Nvidia Volta Speculation Thread

To my knowledge, no Nvidia card in the last 3+ generations has failed to reach its turbo clockrates. Any reason to believe V100 will be any different?
It all depends on various variables - even gaming loads can push NVIDIA cards even below their so called "baseclock" occasionally, let alone under Boost-clocks
 
It all depends on various variables - even gaming loads can push NVIDIA cards even below their so called "baseclock" occasionally, let alone under Boost-clocks
I don't remember which benchmarker it was, but some site tried their whole lineup of benchmarks and used the lowest clock their testing card showed, as a baseline for their benchmarks. They came out with the promised base clock by NVIDIA. Which loads do you mean?
 
To my knowledge, no Nvidia card in the last 3+ generations has failed to reach its turbo clockrates. Any reason to believe V100 will be any different?
I am sitting right next to a Maxwell-based Titan X that is settles to running at 1.002 MHz in CoD: Modern Warfare Remastered, so yes: I have reason to believe, that under full load turbo clocks are more or less... let's say not telling the whole truth.

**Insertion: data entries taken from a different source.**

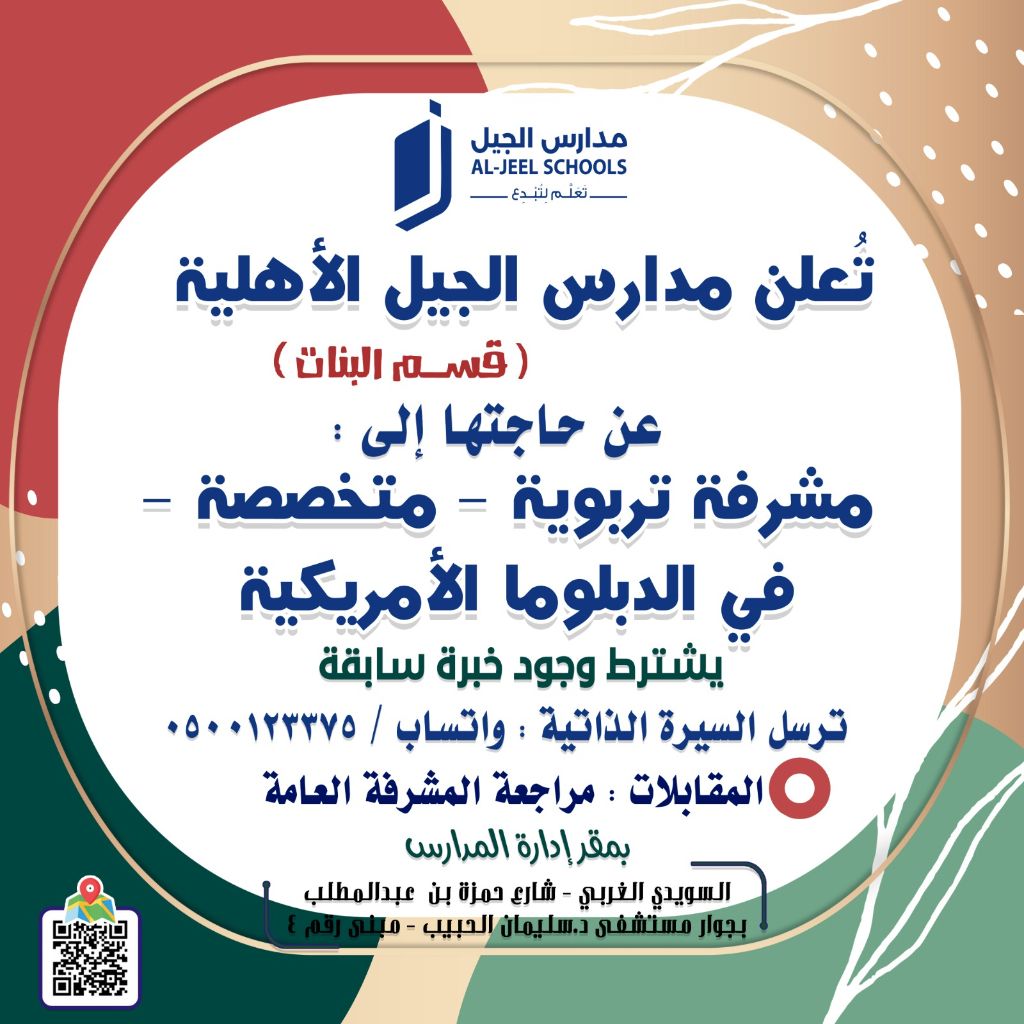 تعلن مدارس الجيل الأهلية في الرياض عن حاجتها الى مشرفة تربوية متخصصة في الدبلوما الأمريكية (لقسم البنات) يشترط وجود خبرة سابقة. ترسل السيرة الذاتية واتساب المقابلات مراجعة المشرفة العامة بمقر إدارة المدارس في الرياض حي السويدي الغربي - شارع حمزة بن عبد المطلب - بجوار مستشفى د سليمان الحبيب مبنى رقم 4
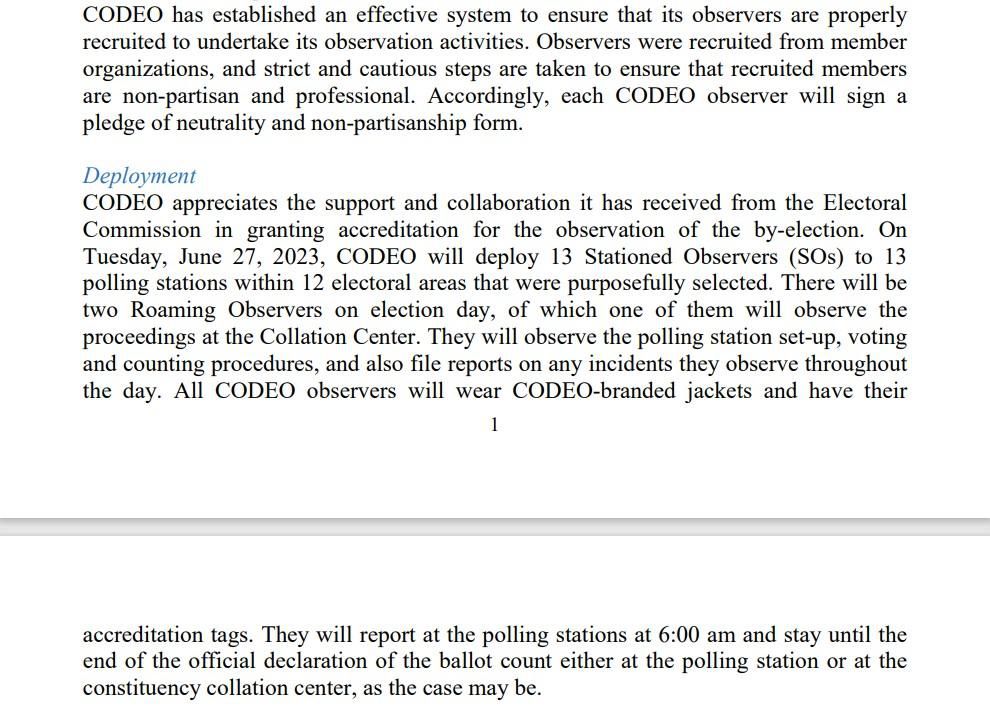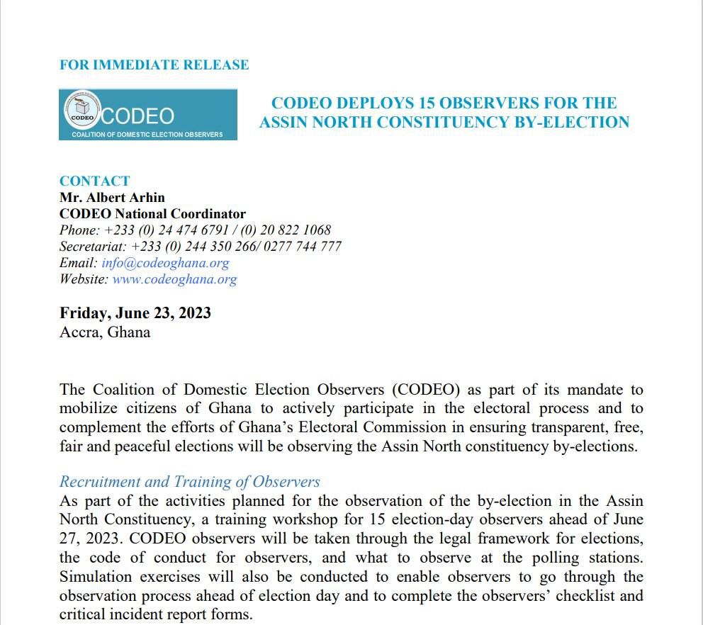 CODEO deployed 15 election observers for the Tuesday, June 27, 2023 by-election in the Assin North constituency, of which 13 observers will be deployed to 13 polling stations within 12 purposefully selected electoral areas, while the two others will be roaming observers on election day, with one of them observing proceedings at the collation center, to observe the polling station set-up, voting and counting procedures, and also file reports on any incidents they observe throughout the day.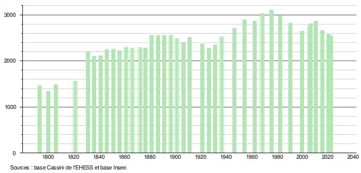 - ↑ Population municipale de référence en vigueur au 1er janvier 2025, millésimée 2022, définie dans les limites territoriales en vigueur au 1er janvier 2024, date de référence statistique : 1er janvier 2022.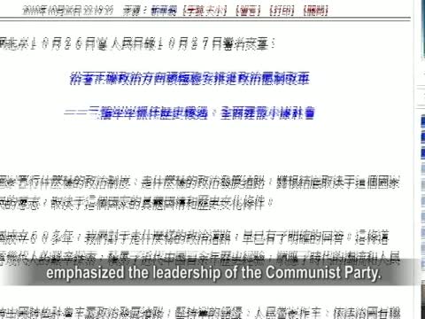 《中國事務》主編伍凡認為,這篇文章裏還提出“堅持共產黨的領導”,說明中共根本無意政改。
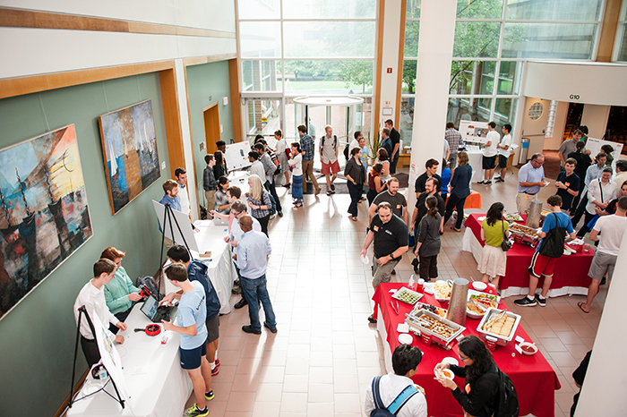 When the pitches concluded, it was half past 8:00pm and the clouds had cleared. Members of the audience returned to the atrium, seeking out teams they’d been impressed by to learn more about their projects. It was an opportunity for the 2016 Hardware Accelerator teams to reach potential investors and connect with potential team members. When asked about these efforts later, Hunter Hartshorne of team Hillside Hydro grinned. “I’m still writing emails to all the people I got business cards from.”

Any reason to doubt the various performance numbers provided so far?
Yes, because they are marketing from one IHV and as such they are selected to show the new products in a

SThe comparison in terms of Turbo clockrates would have yielded the same results. So my point still stands. If you want to compare oranges to my stated apples, be my guest, but please telling me afterwards my arguments wouldn't make sense, when you are the one throwing oranges into the mix.
I want to compare real world achieved sustained performance instead of spreadsheet metrics. For BOTH cards, so no apples vs. oranges, as you keep misunderstanding or want to force into my argument for some reason.
 
I am sitting right next to a Maxwell-based Titan X that is settles to running at 1.002 MHz in CoD: Modern Warfare Remastered, so yes: I have reason to believe, that under full load turbo clocks are more or less... let's say not telling the whole truth.
What does the first TitanX has to do with P100 or V100? Nothing?

Besides I guess the card is throttling due to high temperature. Thats not an issue in the server. It will just get louder ;)

I want to compare real world achieved sustained performance instead of spreadsheet metrics. For BOTH cards, so no apples vs. oranges
Then why come around with an orange Kepler-card? ;)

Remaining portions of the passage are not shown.